Trapped in a daydream

by Darren   Aug 6, 2015


There is a cage around my brain
Sitting on a swing of emotion
Steadying the sway is an autopilot pill

I am no longer capable of anger
Cannot truly show my love
My existence regurgitates a haze

People speak to me behind doors
In faraway corridors, sniggering
Have I heard them? Will I ever truly listen?

I only see momentous monotony
Taste palpitations of worthlessness
Desire indifference, chase away potential

Hold a candle to my eye
You will see the back of my head
Smell no change in fortune

Time is the only key
But do I embrace the notion?
Will I allow thought processes a connection?

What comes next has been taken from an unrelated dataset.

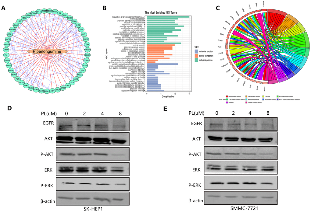 Because we have demonstrated that the anti-tumor effect of piperlongumine was achieved by inhibiting proliferation and angiogenesis, we attempted to clarify the specific mechanism of piperlongumine on HCC cells. In the Cancer Therapeutics Response Portal (CTRP) database (http://portals.broadinstitute.org/ctrp/), we found that 226 genes could be regulated by piperlongumine, and the coexpression features of the corresponding encoded proteins are shown in Figure 12A. Gene Ontology (GO) and Kyoto Encyclopedia of Genes and Genomes (KEGG) pathway enrichment analyses were performed on these 226 genes. The results suggested that piperlongumine could cause changes in the EGFR tyrosine kinase inhibitor resistance pathway (P<0.01) (Figure 12B, 12C). To further validate the specific mechanism of piperlongumine, we treated SK-HEP1 and SMMC-7721 cells with different concentrations of piperlongumine and then performed western blot assays. As shown in Figure 12D, 12E, piperlongumine treatment reduced the levels of EGFR, p-Akt and p-Erk in a dose-dependent manner, suggesting that piperlongumine inhibited angiogenesis-induced tumorigenesis by targeting EGFR to influence the EGFR/EGF signaling pathway.

Bellow this fire in my heart
It has slumbered
The fuel of rhyme and reason diminished

If there are only 21 steps in my mind
I have sat down, on step 11
Unwilling to go up, nor down

I can see where I want to be
But it only exists in dreams
And in the eyes of believers

I no longer believe in anything
A fight lost in entrapment
Optimism ovulated by my fear

At least in my daydreams I am smiling
The world only exists around me
I am merely an entity of humanity

Drag me to each destination
Force a journey on my mind
Know that I may never drink that water.

**

Can't really remember this one, maybe I wrote it then deleted it.